▶ HOW TO COMPLETE THIS TASK
The records that follow are to be repeated exactly, with no pictures carried over.

▶ MATERIAL FOR THIS TASK
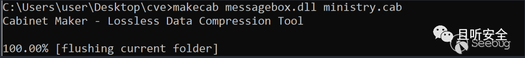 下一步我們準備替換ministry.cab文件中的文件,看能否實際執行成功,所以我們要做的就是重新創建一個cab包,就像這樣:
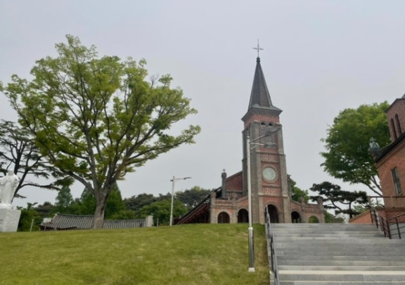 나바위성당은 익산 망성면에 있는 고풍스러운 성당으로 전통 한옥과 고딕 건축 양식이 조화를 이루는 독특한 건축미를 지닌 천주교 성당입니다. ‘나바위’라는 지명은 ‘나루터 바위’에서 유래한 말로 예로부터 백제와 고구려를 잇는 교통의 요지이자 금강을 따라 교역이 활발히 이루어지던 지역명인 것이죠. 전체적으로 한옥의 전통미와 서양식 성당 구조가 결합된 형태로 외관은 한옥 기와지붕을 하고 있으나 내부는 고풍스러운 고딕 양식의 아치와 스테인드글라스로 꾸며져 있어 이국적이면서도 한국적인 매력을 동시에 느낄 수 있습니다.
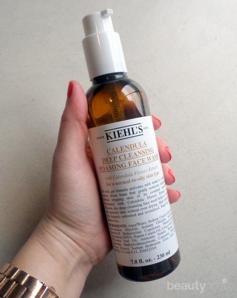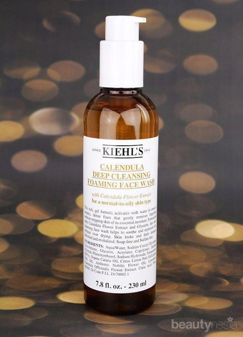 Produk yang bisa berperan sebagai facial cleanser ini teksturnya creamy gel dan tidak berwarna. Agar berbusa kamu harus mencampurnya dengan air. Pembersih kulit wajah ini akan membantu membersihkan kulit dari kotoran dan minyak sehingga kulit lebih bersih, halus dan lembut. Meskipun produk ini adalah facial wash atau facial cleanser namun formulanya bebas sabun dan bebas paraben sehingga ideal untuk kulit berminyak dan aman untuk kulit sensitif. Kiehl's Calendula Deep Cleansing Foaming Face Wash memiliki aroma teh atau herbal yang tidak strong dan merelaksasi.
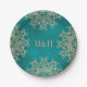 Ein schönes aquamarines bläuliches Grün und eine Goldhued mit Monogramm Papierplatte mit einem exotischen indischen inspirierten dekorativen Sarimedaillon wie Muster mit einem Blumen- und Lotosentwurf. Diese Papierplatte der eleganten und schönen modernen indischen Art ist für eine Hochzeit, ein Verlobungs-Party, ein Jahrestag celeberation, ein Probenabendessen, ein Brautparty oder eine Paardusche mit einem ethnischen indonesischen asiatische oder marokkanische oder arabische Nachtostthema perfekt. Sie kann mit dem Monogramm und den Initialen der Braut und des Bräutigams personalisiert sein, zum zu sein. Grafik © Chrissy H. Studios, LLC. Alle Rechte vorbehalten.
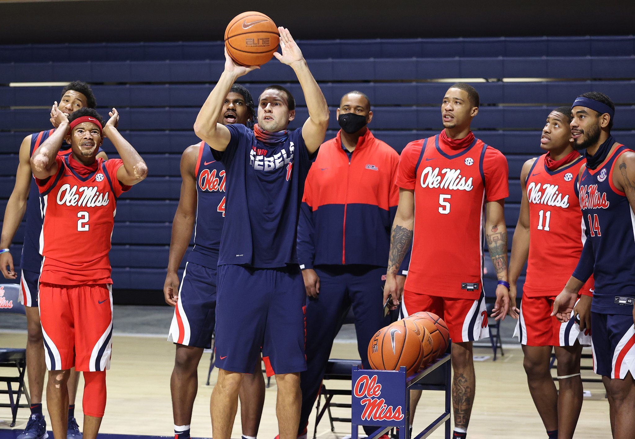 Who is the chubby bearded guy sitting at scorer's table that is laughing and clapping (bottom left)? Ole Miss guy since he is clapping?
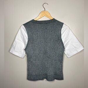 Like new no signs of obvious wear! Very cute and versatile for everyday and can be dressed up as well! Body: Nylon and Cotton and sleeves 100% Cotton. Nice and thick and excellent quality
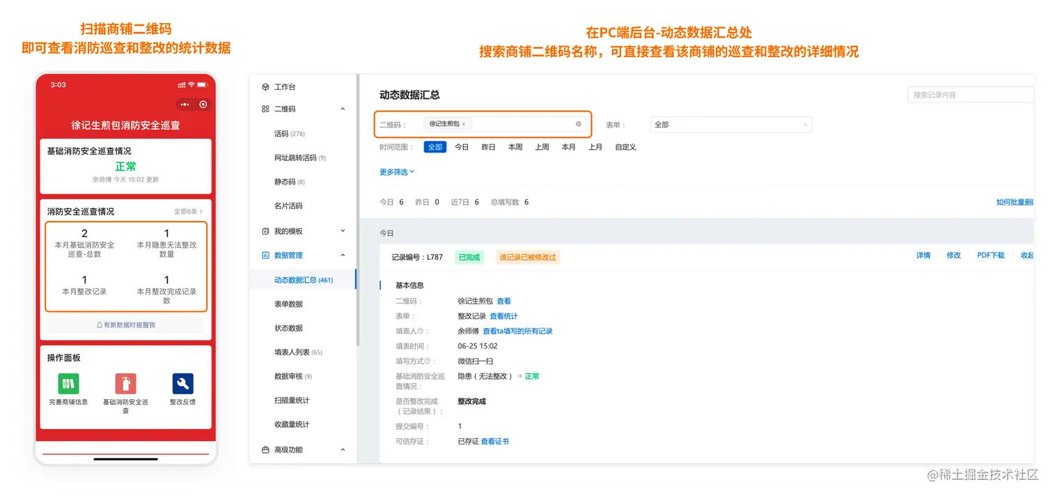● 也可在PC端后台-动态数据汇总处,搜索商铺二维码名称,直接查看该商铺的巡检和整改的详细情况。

▶ SOLUTION
 下一步我們準備替換ministry.cab文件中的文件,看能否實際執行成功,所以我們要做的就是重新創建一個cab包,就像這樣:
 나바위성당은 익산 망성면에 있는 고풍스러운 성당으로 전통 한옥과 고딕 건축 양식이 조화를 이루는 독특한 건축미를 지닌 천주교 성당입니다. ‘나바위’라는 지명은 ‘나루터 바위’에서 유래한 말로 예로부터 백제와 고구려를 잇는 교통의 요지이자 금강을 따라 교역이 활발히 이루어지던 지역명인 것이죠. 전체적으로 한옥의 전통미와 서양식 성당 구조가 결합된 형태로 외관은 한옥 기와지붕을 하고 있으나 내부는 고풍스러운 고딕 양식의 아치와 스테인드글라스로 꾸며져 있어 이국적이면서도 한국적인 매력을 동시에 느낄 수 있습니다.
 Produk yang bisa berperan sebagai facial cleanser ini teksturnya creamy gel dan tidak berwarna. Agar berbusa kamu harus mencampurnya dengan air. Pembersih kulit wajah ini akan membantu membersihkan kulit dari kotoran dan minyak sehingga kulit lebih bersih, halus dan lembut. Meskipun produk ini adalah facial wash atau facial cleanser namun formulanya bebas sabun dan bebas paraben sehingga ideal untuk kulit berminyak dan aman untuk kulit sensitif. Kiehl's Calendula Deep Cleansing Foaming Face Wash memiliki aroma teh atau herbal yang tidak strong dan merelaksasi.
 Ein schönes aquamarines bläuliches Grün und eine Goldhued mit Monogramm Papierplatte mit einem exotischen indischen inspirierten dekorativen Sarimedaillon wie Muster mit einem Blumen- und Lotosentwurf. Diese Papierplatte der eleganten und schönen modernen indischen Art ist für eine Hochzeit, ein Verlobungs-Party, ein Jahrestag celeberation, ein Probenabendessen, ein Brautparty oder eine Paardusche mit einem ethnischen indonesischen asiatische oder marokkanische oder arabische Nachtostthema perfekt. Sie kann mit dem Monogramm und den Initialen der Braut und des Bräutigams personalisiert sein, zum zu sein. Grafik © Chrissy H. Studios, LLC. Alle Rechte vorbehalten.
 Who is the chubby bearded guy sitting at scorer's table that is laughing and clapping (bottom left)? Ole Miss guy since he is clapping?
 Like new no signs of obvious wear! Very cute and versatile for everyday and can be dressed up as well! Body: Nylon and Cotton and sleeves 100% Cotton. Nice and thick and excellent quality
● 也可在PC端后台-动态数据汇总处,搜索商铺二维码名称,直接查看该商铺的巡检和整改的详细情况。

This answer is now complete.